The command density()
, although very useful for a quick inspection of the KDE, is also very restrictive since it only returns the values on a grid. I prefer to code my own KDE (usually with a Gaussian kernel). This can be obtained as shown below (1-line code):
rm(list=ls())
# Constructing your own KDE
set.seed(123)
sample = rnorm(1000,10,1)
# Bandwidth used by density()
hT = bw.nrd0(sample)
kde <- Vectorize(function(x) mean(dnorm((x-sample)/hT)/hT))
# Comparison
plot(density(sample))
curve(kde,6,13,add=T,col="red")
The corresponding nonparametric estimator of the CDF can be obtained as follows:
# Obtaining the corresponding kernel distribution estimator
KDE <- Vectorize(function(x) mean(pnorm((x-sample)/hT)))

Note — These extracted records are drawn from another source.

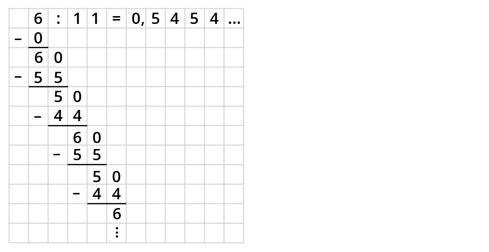 Wandle $$6/11$$ in einen Dezimalbruch um.
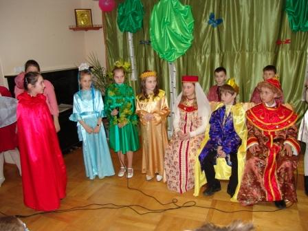 Дети под руководством педагогов подготовили стихи и песни, выучили пасхальные стихиры и ирмосы. Родители и гости с интересом посмотрели спектакль «Царевна Клюковка», в котором участвовали все дети, а их без малого 40 человек!
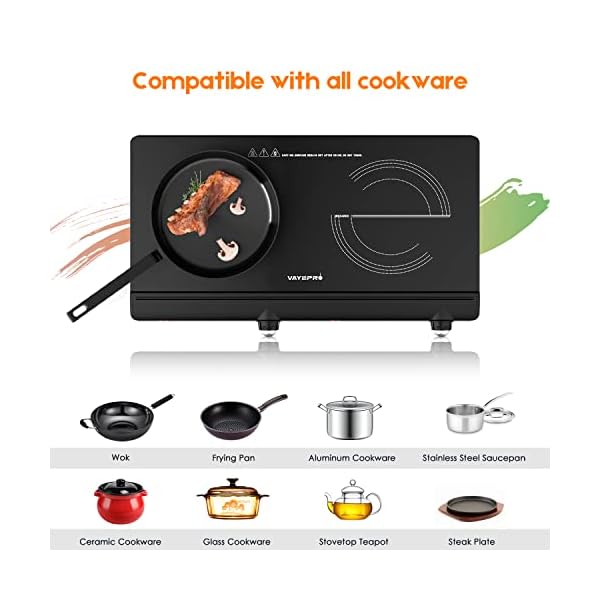 COMPATIBLE WITH ALL COOKWARE:Can accommodate cookware as large as 7.1” in diameter and as heavy as 22 lbs. Different than an induction cooker, the infrared burner can be used with any pan-shaped cookware made of aluminum, stainless steel, ceramic or glass (e.g., frying pans, woks and stovetop teapots).
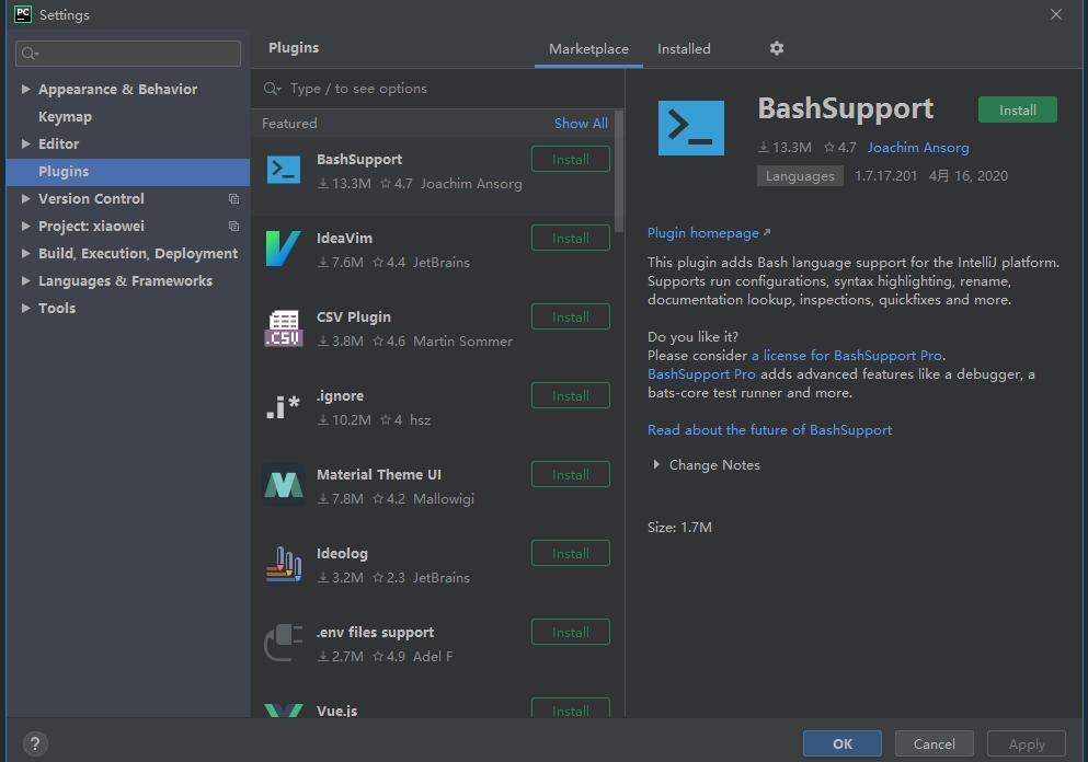 安装 PyCharm 中文插件,打开菜单栏 File,选择 Settings,然后选 Plugins,点 Marketplace,搜索 chinese,然后点击 install 安装:
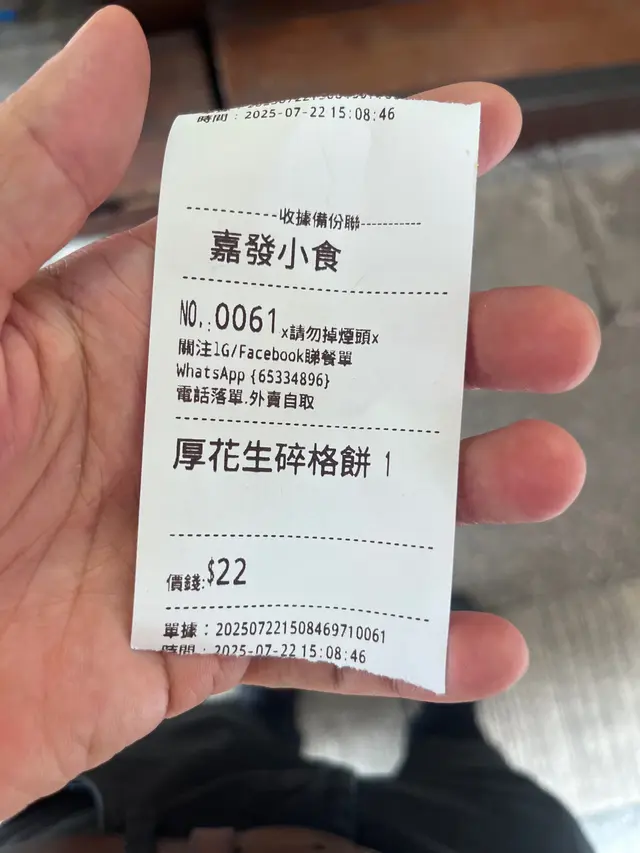 「 嘉發小食 」 元朗元朗人氣雞蛋仔;不過雞蛋仔同格仔餅;我會選擇格仔餅🫶🏻;佢有好多口味可以揀;我就揀左「 厚脆花生碎 $22 」;因為係即叫即整;所以熱辣辣一啖咬落去;真係外脆內軟勁多花生碎;醬料有牛油、煉奶、砂糖、芝麻、花生醬同花生粒….🧇我係黃昏時去食;人流未至於特別多;等左大概10分鐘左右就有啦~查看更多
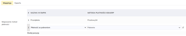 Wskaż wartości, które mają być przypisane do integracji. Na ich podstawie system generuje dokumenty sprzedaży, przypisuje dzienniki (faktur/paragonów) oraz pozostałe dane handlowe.
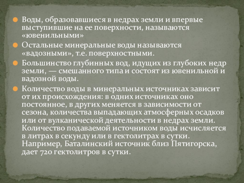 Слайд 9Воды, образовавшиеся в недрах земли и впервые выступившие на ее поверхности,
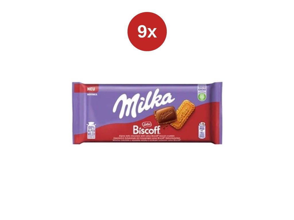 ČOKOLÁDA MLÉČNÁ MILKA LOTUS BISCOFF S SUŠENKAMI 9x90 g
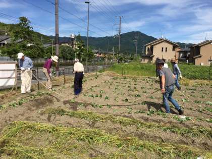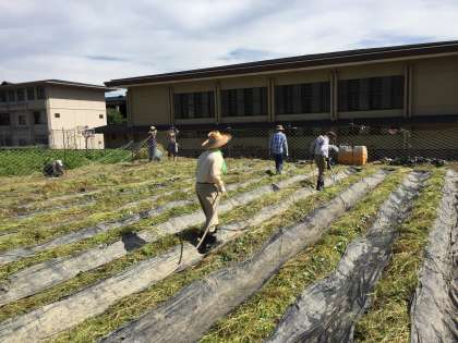 保湿のために,植えた苗の上に刈った草を被せます。保湿や雑草が生えることを防ぐために,畝の谷はフィルムで覆いマルチングを行います。夏休み前には,不定根を切る作業を行います。
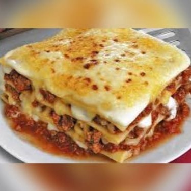 Uma deliciosa lasanha de massas artesanais com molho vermelho e carne moída.
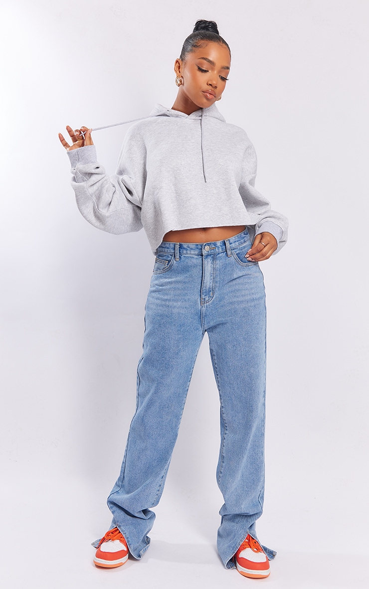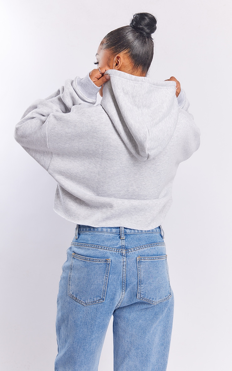 Попелясто-сіра велика укорочена толстовка з капюшоном

curve(KDE,6,13,col="blue")
Using these functions, you can manually approximate the percentiles if you can provide an interval where the quantile of interest lies:
# Manual calculation of the percentile (requires the probability and an interval containing the quantile)
QKDE <- function(p,Interval){
tempf <- function(t) KDE(t)-p
return(uniroot(tempf,Interval)$root )
}
QKDE(0.5,c(8,12))
This may not be the most efficient way, but it works, and it is fast and accurate. I hope this helps.